Karın yüzeyini iyot çözeltisi ile dezenfekte edin ve ağrıyı gidermek için deri altına steroid olmayan bir antienflamatuar enjekte edin. Daha sonra, anneyi anestezik makinesinden çıkarın ve bir ısıtma yastığı ile ısıtılan bir kafese yerleştirin. Fareyi anesteziden tamamen iyileşene kadar izleyin ve herhangi bir enfeksiyon veya ağrı belirtisi olmadan prosedürden kurtulduğundan emin olmak için günlük olarak kontrol edin.

Bu adımda, embriyoları veya doğum sonralarını istenen analiz gününe göre hasat edin. DNA enjekte edilen ve elektropore edilen embriyoları seçin ve bu stereo mikroskop altında beyinleri inceleyin. Ardından uygun bölgede yeşil floresan sinyali olup olmadığını kontrol edin.

Seçilen embriyonun beynini analiz etmek için, dokuyu kısa bir süreliğine% 4 paraldehitte sabitleyin. Daha sonra, aros % 4 veya jelatin albümin içine gömün. Sonra beyni vibrato üzerinde bölümlere ayırın.

Bu rakamlar, E 12.5'te floresan raportör genleri, GFP veya CFP'yi taşıyan plazma DNA'sının utero transfeksiyonundan sonra hipotalamusu göstermektedir. Bu, rostraldan coddle'a transfekte edilmiş bir hipotalamusu gösteren sagital bir bölümdür ve burada, medya lateral ekseni boyunca farklı seviyelerde etiketlenmiş hücrelerin bulunduğu enine kesit yer almaktadır. Bu sagital kesit, spesifik olarak transfekte edilmiş bir memeli gövdesini ve karakteristik aksonal ağacının etiketlenmesini gösterir ve bu enine kesitin elektro geçit tarafında, E 12.5'te doğan nöronlara karşılık gelen etiketli bir bant gösterir.

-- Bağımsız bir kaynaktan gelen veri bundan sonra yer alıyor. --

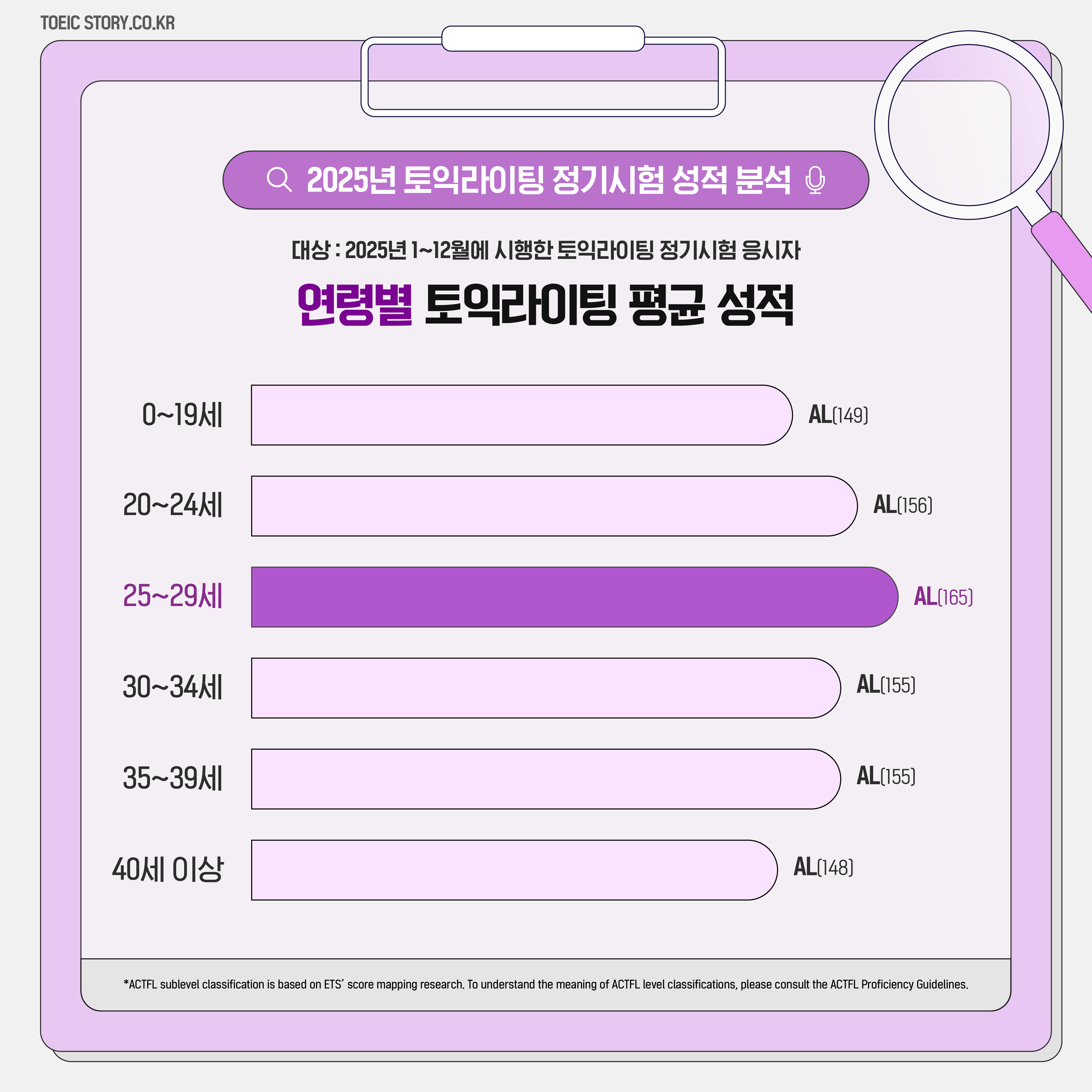 2025년 토익라이팅 연령별 평균 성적을 분석한 결과, ‘25~29세’가 165점으로 ‘AL’ 등급을 기록하며 가장 높은 수준을 기록했습니다. 이는 2025년 토익라이팅 전체 평균인 155점보다 10점 높은 수치이기도 하죠.

Bölümleri daha yakından analiz etmek için. Memeli girintisinden çıkan radyal glial süreçlerin düzlemine paralel yatay kesitler hazırlandı. E 12.5 gününde transfekte edilen nöro epitelden doğan ambi O nöronları, GFP'ye karşı antikorlar vasıtasıyla E 18.5 gününde tanımlandı.

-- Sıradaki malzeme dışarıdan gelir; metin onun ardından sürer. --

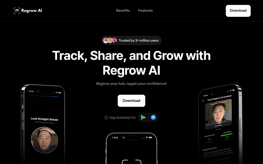 Regrow AI: Track hair loss, get personalized plans, and join a community for hair regrowth.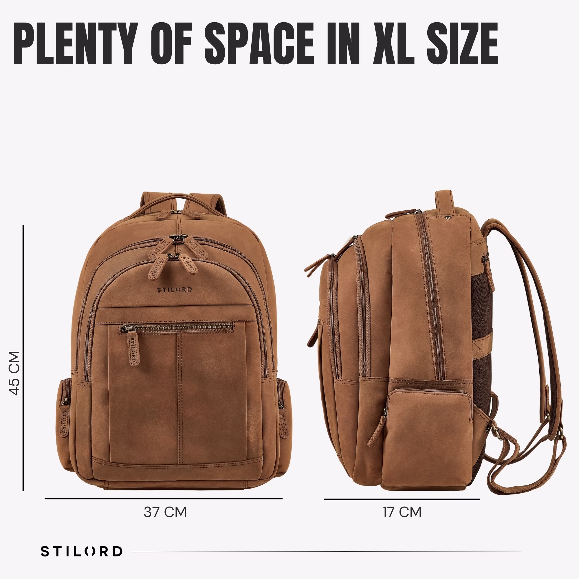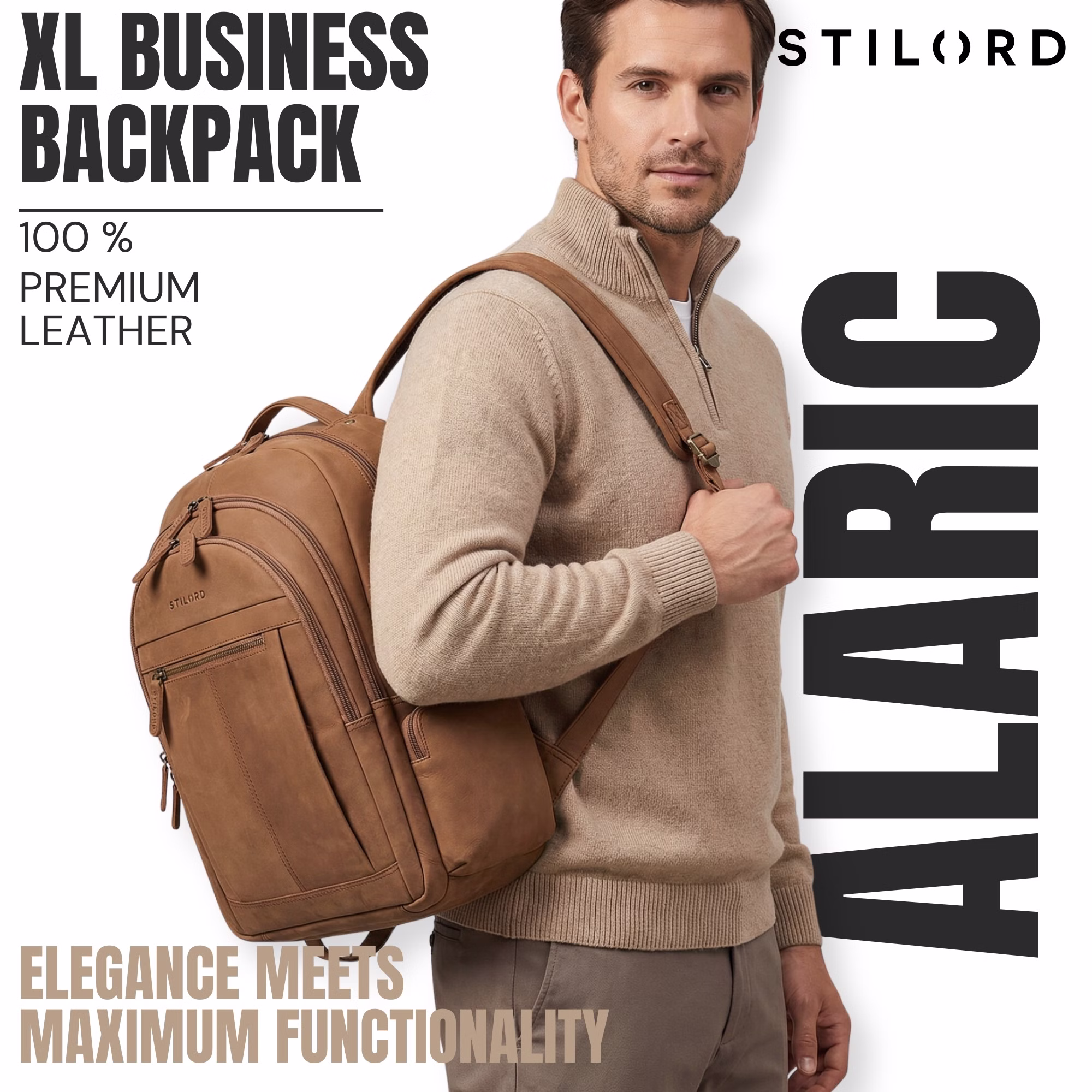 - TOUT EN UN COUP D'ŒIL: Dimensions (L x l x H): 37 × 17 × 45 cm | Poids: 1250 g | Matériau: cuir de vachette | Modèle: "Alaric" | Fabricant: STILORD | Compatibilité: compartiment pour ordinateur portable jusqu'à 17 pouces, grands classeurs DIN A4

Bu örnekte, antikor sınırlı bir MBO hücresi grubunu etiketledi. Bu grup, E 12.5'ten önce ve sonra doğan MBO nöronlarına karşılık gelen iki etiketlenmemiş lateral ve medial MBO alanı ve nestona karşı bir antikorla ko-boyama arasında yer aldı. Kırmızı, nöro epitelin radyal glial süreçleri üzerinde ayrı ayrı etiketlenmiş nöronların göç modunu gösterir Bir kez ustalaştıktan sonra, bu teknik uygun şekilde yapılırsa 30 dakika içinde yapılabilir.

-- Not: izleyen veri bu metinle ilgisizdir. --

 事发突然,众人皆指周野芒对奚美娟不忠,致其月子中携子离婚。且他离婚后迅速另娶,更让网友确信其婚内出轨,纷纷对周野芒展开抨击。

Bu videoyu izledikten sonra, DNA'nın üçüncü ventriküle nasıl enjekte edileceğini ve hipotalamusu etkili bir şekilde hedeflemek için iğneyi embriyo, baş ve plasenta arasında pozitif elektrot olarak nasıl konumlandıracağınızı iyi anlamış olmalısınız. Bu prosedürü takiben. Transfekte edilen nöronların fenotipi hakkında ek soruları yanıtlamak için immünohistokimya veya inid hibridizasyon gibi diğer yöntemler de uygulanabilir.